The answer to this question is to be found in this collection of writings, edited and introduced by composer and former HC student Dick Higgins, which is divided into several parts, each worthy of detailed study and comment. Part One, "HC In Person", consists mainly of a 1931 article "Playing Concerts in Moscow", an amusing account of a concert tour Cowell undertook in the Soviet Union just as the heavy hand of Stalinism was beginning to fall. Illustrative of Cowell's insatiable appetite for new music is his demand to be paid royalties on his music (which the Soviet State Edition wished to publish) in scores of new music rather than in cash ("We pay ten kopeks per quarter note for all music!" an official informed him). The other brief article, "Music Is My Weapon", is a personal manifesto whose date, 1954, which might explain why Cowell "abhors communism".

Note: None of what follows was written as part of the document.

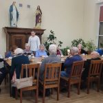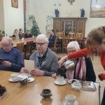 Zimowy czas. Coraz więcej nas. Mimo zimowej aury Seniorzy dotarli na spotkanie, a wraz z nimi nasza młodzież. Młodzi pięknie sprawdzają się w rozdawaniu prezentów, przy obsłudze stołów oraz częstując Seniorów serdeczną rozmową.

The meat of this fine book is contained in Part Two, "Contemporaries", containing HC's insightful anecdotes and cogent observations on a generation of composers who form the backbone of twentieth century American music: Ives, Seeger, Varèse, Ruggles, Thomson, Harrison, Sessions, Antheil, Partch and Cage. His 1932 article on Charles Ives - whom he only met as late as 1927, when Ives had all but given up composing - portrays the composer's innovative incorporation of popular music and unconventional notation as "typically American", and provides brief and illuminating extracts from Ives' music to explain his compositional method. The 1933 article on Varèse makes some telling points ("there is a dramatic and incisive element about Varèse's music which causes it to stand out on a program, and 'kill' any work standing next to it by brute force"), and his 1955 review of Varèse's "Deserts" was one of the first to recognize the work's stature (though comparisons with Luening and Ussachevsky may raise a few eyebrows). His brief "Note" on Carl Ruggles tells the wonderful story of the craggy old Vermont Yankee banging hell out of a piano ("giving this chord the test of time!"), while a brief piece from 1950's "Musical Quarterly" tends towards the descriptive rather than the analytical. The 1933 article on his former teacher Seeger is rather long on praise but short on facts, and his championship of largely-forgotten (today) composers such as Amadeo Roldán, Aléjandro Garcia Caturla and John Becker (who unfortunately didn't "make Minneapolis and St. Paul into leading centers of contemporary culture" as HC predicted.. that honor fell to Prince half a century later) are mere Music History curiosities, but his call-a-spade-a-spade pragmatism serves him well in his supportive if not entirely uncritical remarks on Schillinger's "System of Musical Composition" and Slonimskys "Thesaurus of Scales and Melodic Patterns" (which ends with Cowell wryly noting that publishers Coleman-Ross apparently own the rights to every scale in Slominsky's book).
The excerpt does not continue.